(CBS/AP) WASHINGTON - The Federal Reserve says the economy is losing strength and repeated a pledge to take further steps if the job market doesn't show sustained improvement.
Despite that stance, the Fed took no new action after its two-day policy meeting. But it acknowledged that economic activity had slowed over the first half of the year, unemployment remains elevated, and consumer spending has weakened.
Policymakers repeated their plan to hold short-term interest rates at record low levels until at least late 2014. Most economists say the Fed is likely to go further at its September meeting by launching another bond-buying program to drive down long-term interest rates.
The statement was approved on an 11-1 vote. Jeffrey Lacker, president of the Federal Reserve Bank of Richmond, dissented for a fifth time this year.
"Information received since the Federal Open Market Committee met in June suggests that economic activity decelerated somewhat over the first half of this year," the Fed said in a statement. "Growth in employment has been slow in recent months, and the unemployment rate remains elevated. Business fixed investment has continued to advance. Household spending has been rising at a somewhat slower pace than earlier in the year. Despite some further signs of improvement, the housing sector remains depressed. Inflation has declined since earlier this year, mainly reflecting lower prices of crude oil and gasoline, and longer-term inflation expectations have remained stable."
The statement was nearly identical to the one issued after the Fed's June meeting, expect for language noting slower growth. The Fed repeated that strains in the global market pose a significant risk to the U.S. economy, the housing market is improving but remains depressed and inflation remains tame.
Expectations that the Fed will take action to spark the U.S. economy have risen as growth has declined in recent months. The economy grew at an annual rate of only 1.5 percent from April through June, as Americans scaled back their spending. Personal expenditures fell $1.3 billion in June, or 0.1 percent, compared with the previous month, the U.S. Commerce Department reported this week.

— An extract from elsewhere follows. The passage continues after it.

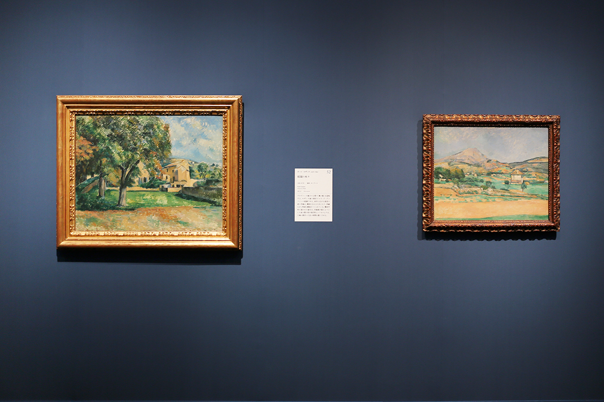 (左から)《庭園の木々》ポール・セザンヌ 1885-87年 / 《サント=ヴィクトワール山の平野、ヴァルクロからの眺め》ポール・セザンヌ 1882-85年
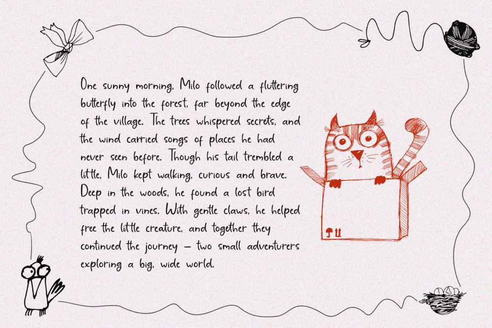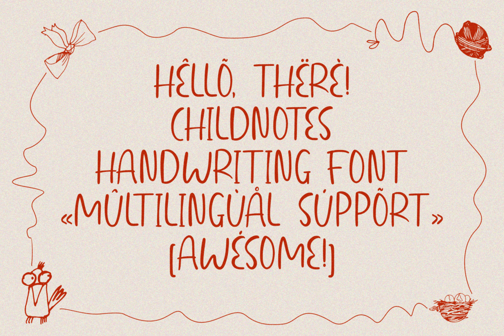 Childnotes Handwriting is a whimsical handwritten font inspired by the magic of storybook adventures and childhood imagination. Its playful curves and friendly strokes capture the warmth of children’s handwriting, making it perfect for fairytale worlds, picture books, and fantasy-inspired designs. This font brings a sense of wonder and creativity — every letter feels like part of a story waiting to be told. With a soft, approachable feel, Childnotes Handwriting adds charm and personality to every page, poster, or project. Whether you’re illustrating a children’s book, designing a storybook cover, or creating a fantasy-themed project, this font helps your ideas come to life with joy, imagination, and storytelling spirit.

That deceleration is heightening concerns that the economy could be stalling three years after the recession ended. Other signs also point to a slowdown.
U.S. manufacturing shrank for the second straight month in July, according to data released Wednesday by the Institute for Supply Management, a trade group of purchasing managers. The group's index of manufacturing activity ticked up to 49.8, from 49.7 in June. A reading below 50 indicates contraction. June was the first time the survey showed manufacturing contracted in three years.
Other measures of the economy's health show it continuing to heal, if slower than the Fed and other policymakers would like. Payroll provider ADP said today that businesses added 163,000 jobs last month, down from a revised total of 172,000 jobs it reported for June.
The report only covers hiring in the private sector and excludes government job growth. The Labor Department will offer a more complete picture of July hiring on Friday.
The U.S. Labor Department releases the July jobs report on Friday. Economists forecast that U.S. employers added 100,000 jobs in July. That would be only slightly better than the 75,000 a month from April through June and still down from a healthy 226,000 average in the first three months of the year. The unemployment rate is expected to stay at 8.2 percent.
Worries have also intensified about Europe's debt crisis and whether the U.S. economy will fall off a "fiscal cliff" at the end of the year. That's when tax increases and deep spending cuts will take effect unless Congress reaches a budget deal.
In his semiannual report to Congress on July 17, Fed Chairman Ben Bernanke told members of the Senate Banking Committee that the central bank is prepared to take action to stimulate the economy. Although he stopped short of specifying what steps the Fed considering, his remarks were enough to boost stocks.